▸ **Try it**
In this exercise, retype exactly the lines from the start of the entries through the line bearing "バーバリーの重厚感あるべっ甲模様のセルフレームに遠近両用レンズを組み合わせ。", leaving every picture out.

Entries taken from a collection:
• • • • •

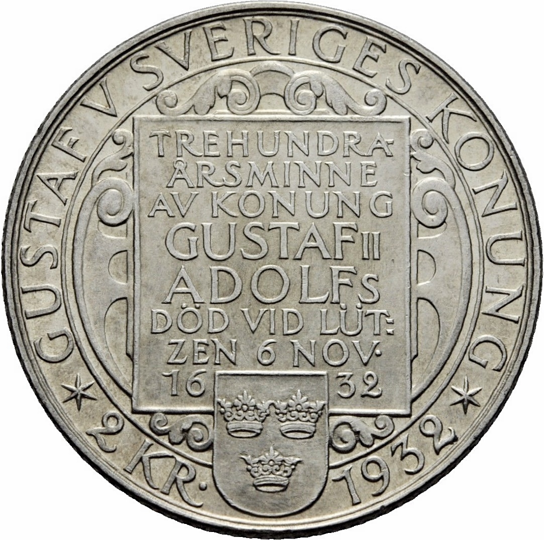2 крони — Густав V (смерть Густава II Адольфа) 1932 – 1932 Швеція
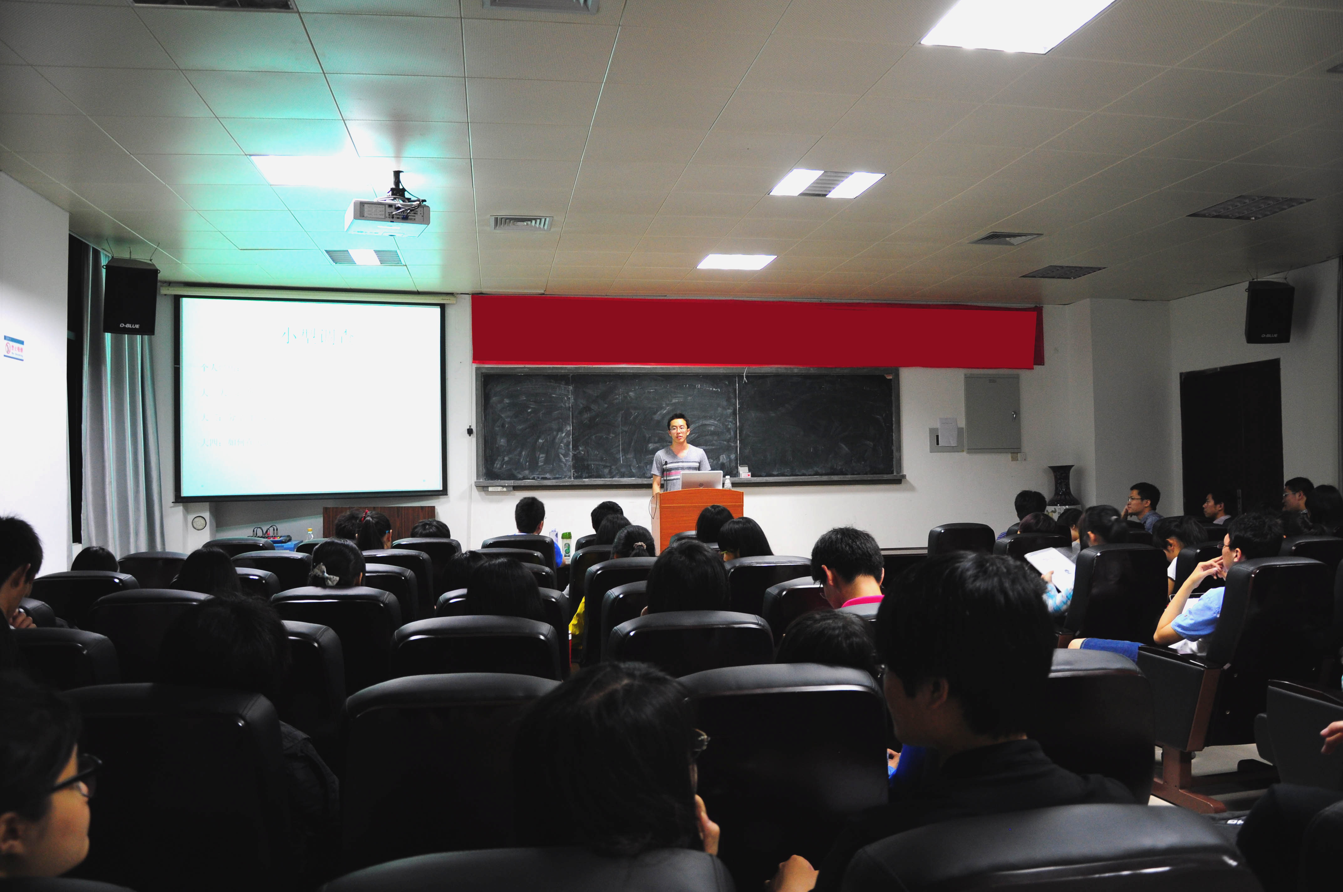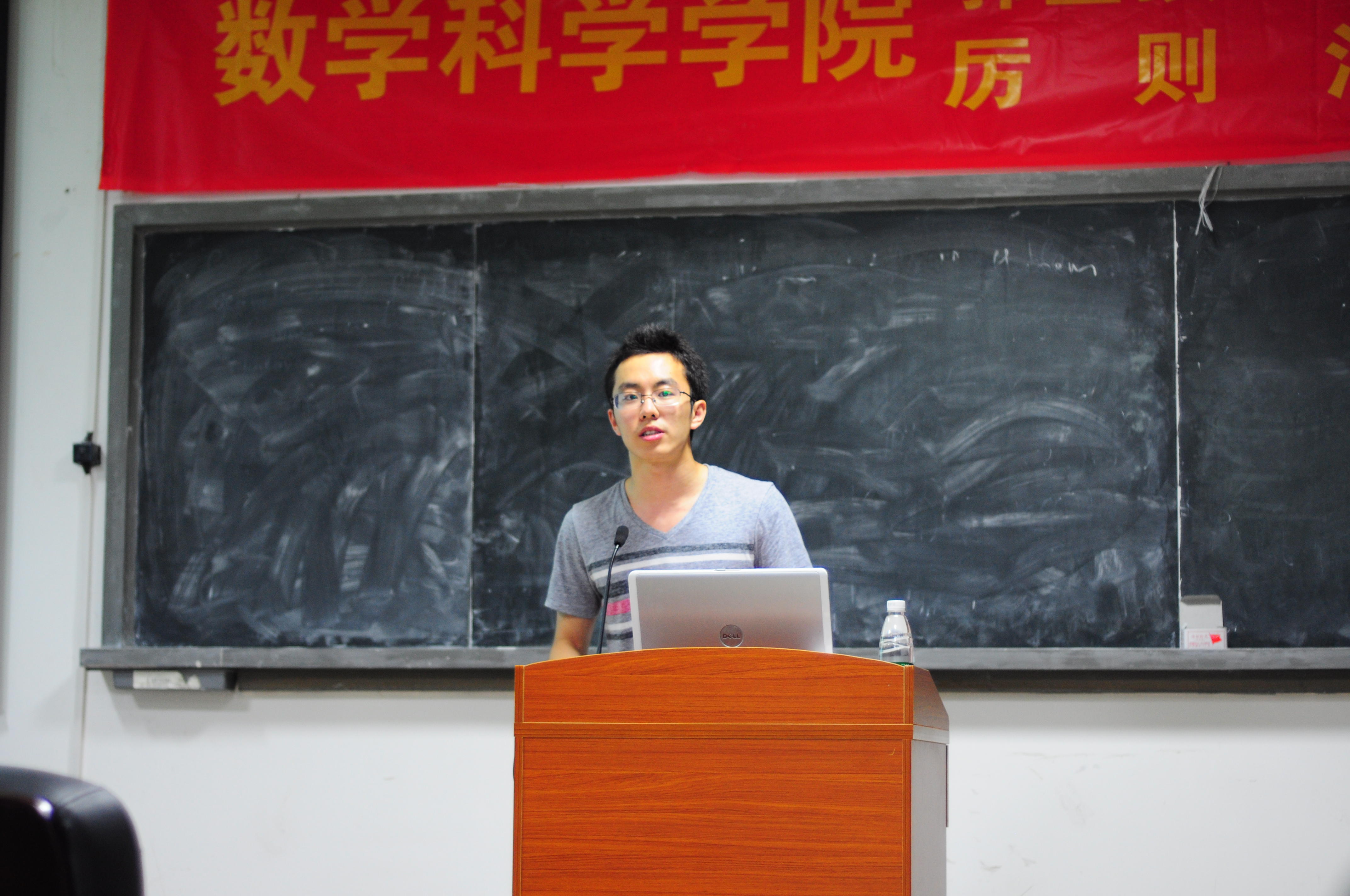 他为这次讲座准备的主题是“How to survive in 美帝”,主要介绍他在美国的生活并简要介绍了当初自己为何选择出国。总结来说,是确立目标后便勇往直前,坚持不懈追求梦想。讲到美国生活,他用三件事来概括:找实习,侃大山,写作业。并以切身经历反复强调了英语水平的重要性。
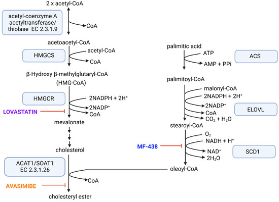 Molecular targets of used inhibitors. ACS—Acyl-CoA synthetases, ELOVL—fatty acid elongases, HMGCR—hydroxymethylglutaryl-CoA reductase, HMGCS—hydroxymethylglutaryl-CoA synthase, SCD1—stearoyl-CoA desaturase-1. In the case of enzymes for which the same abbreviation is sometimes used, the EC number is also provided.
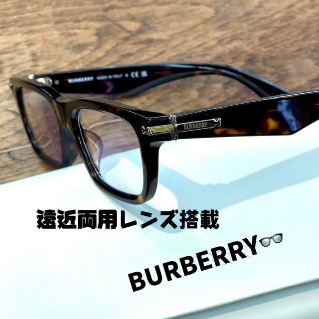 バーバリーの重厚感あるべっ甲模様のセルフレームに遠近両用レンズを組み合わせ。
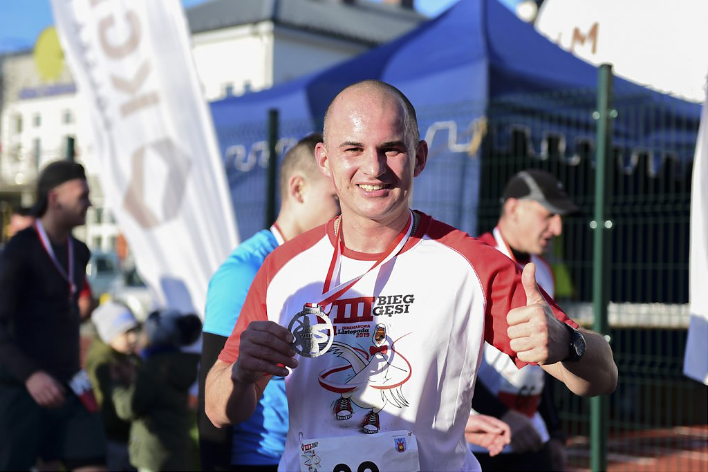 Poranne biegi zakończyła kategoria Sztafet oraz dekoracja i wręczenie nagród dla zwycięzców. Wraz z godziną 13:30 ponad 200 zawodników wystartowało w 8,5 km. trasę biegu OPEN. Zwycięzca pokonał ten dystans w zaledwie 27min i 35s. VIII Bieg Gęsi był też ostatnim biegiem tegorocznej edycji Crossowej Ligi Biegowej, w skład której wchodziło 7 biegów organizowanych przez Jerzego Górskiego w naszym regionie i w której nagrodą główną był tygodniowy pobyt na Teneryfie dla 2 osób. Na każdego kto dotarł na metę czekały pamiątkowe medale, a na zwycięzców pieczone gęsi wręczone przez wójta Lesława Golbę. Po raz pierwszy w historii 8. Biegu Gęsi pieczone gęsi trafiły do zwycięzców odrębnej kategorii adresowanej mieszkańcom gminy Jerzmanowa.
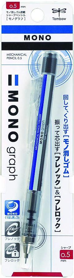 ●仕様:「モノ消しゴム」搭載のシャープペンシル。高精度の「書く」と「消す」を1本で実現。パック入り。◆材質:軸:アクリル樹脂、先端:金属、グリップ・クリップ:ポリカーボネート樹脂◆本体サイズ:最大幅10×全長147mm◆本体重量:17g◆機構:フレノック式(ロック機能付き)、クリップノック式 ◆回転繰り出し式消しゴム付き(MONO品質) ◆製図仕様のペン先 ◆パック仕様 ◆芯径:0.5mm◆替え消しゴム:ER-MG
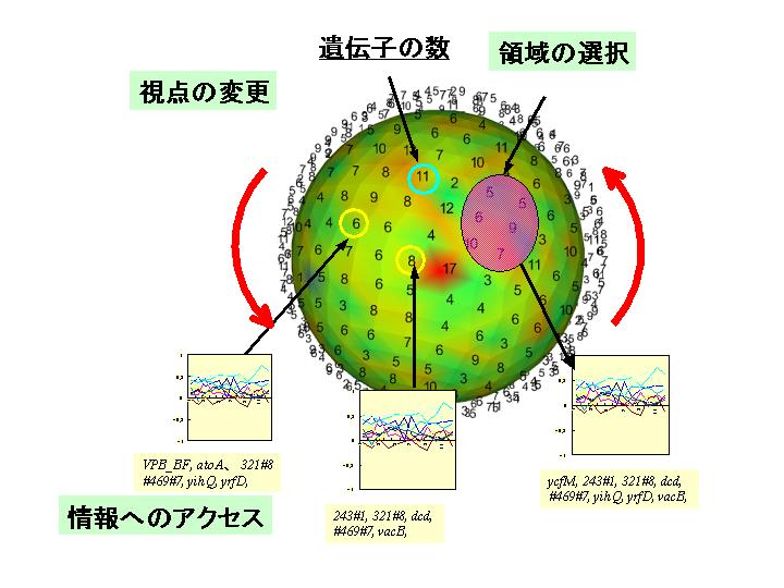 特に、図1のような球面状に可視化されたデータに関しては、分析の際にこれらの操作が

• • • • •

▸ **Written solution**
2 крони — Густав V (смерть Густава II Адольфа) 1932 – 1932 Швеція
 他为这次讲座准备的主题是“How to survive in 美帝”,主要介绍他在美国的生活并简要介绍了当初自己为何选择出国。总结来说,是确立目标后便勇往直前,坚持不懈追求梦想。讲到美国生活,他用三件事来概括:找实习,侃大山,写作业。并以切身经历反复强调了英语水平的重要性。
 Molecular targets of used inhibitors. ACS—Acyl-CoA synthetases, ELOVL—fatty acid elongases, HMGCR—hydroxymethylglutaryl-CoA reductase, HMGCS—hydroxymethylglutaryl-CoA synthase, SCD1—stearoyl-CoA desaturase-1. In the case of enzymes for which the same abbreviation is sometimes used, the EC number is also provided.
 バーバリーの重厚感あるべっ甲模様のセルフレームに遠近両用レンズを組み合わせ。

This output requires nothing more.